Aan de Voorzitter van de Tweede Kamer der Staten-Generaal

's-Gravenhage, 1 februari 2000

Naar aanleiding van de uitzending van het programma «Netwerk» van 27 januari jl bericht ik U als volgt:

In de uitzending wordt geciteerd uit het advies van een advocaat-generaal aan het Gerechtshof te Arnhem in het kader van de klacht van de nabestaanden tegen de beslissing van het OM om de zaak tegen één van de drie verdachten (de basiscommandant) niet te vervolgen. Naar aanleiding van deze klacht, in een zogeheten artikel 12 Strafvorderingprocedure, heeft het Hof die beslissing getoetst en in stand gelaten.

Waar in de brief wordt gesproken van een «vertrouwelijke brief» van de eerder aangeduide advocaat-generaal, wordt gedoeld op dit advies dat door hem tijdens die procedure (die een besloten karakter draagt) in die zaak naar voren is gebracht.

Ik heb u bij brief van 19 oktober 1999 (24 814, nr. 11) op de hoogte gebracht van de stand van zaken met betrekking tot het onderzoek naar de Herculesramp.

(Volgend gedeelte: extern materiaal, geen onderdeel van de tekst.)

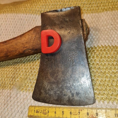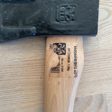 Thor øks, klistremerke med tekst: skarpslipt helstål. Svensk kvalitetsstål. Skjelden bra stand.

Het Openbaar Ministerie is van oordeel dat de uitkomsten van het gerechtelijk vooronderzoek tot nu toe rechtvaardigen dat de zaken van de twee overgebleven verdachten ter beoordeling aan de rechter worden voorgelegd. Daarbij staan de bevindingen van het gerechtelijk vooronderzoek, in het licht van de ernst en het belang van de zaak, voorop en geenszins de wens van het Openbaar Ministerie verwijten te voorkomen. Naar aanleiding van de uitkomst van de artikel 12-procedure heeft het Openbaar Ministerie zijn standpunt over de vervolging heroverwogen en dat standpunt gehandhaafd.

Terzijde zij in dit verband opgemerkt dat bezwaarschriften van de beide verdachten tegen verdere vervolging in april vorig jaar door de rechtbank te Arnhem zijn afgewezen.

De vraag of levens hadden kunnen worden gered als de brandweer eerder had ingegrepen is complex en niet onomstreden. Naar het oordeel van het OM dient deze zaak door de rechter te worden onderzocht.

Ik vertrouw er op u hiermee voldoende te hebben geïnformeerd.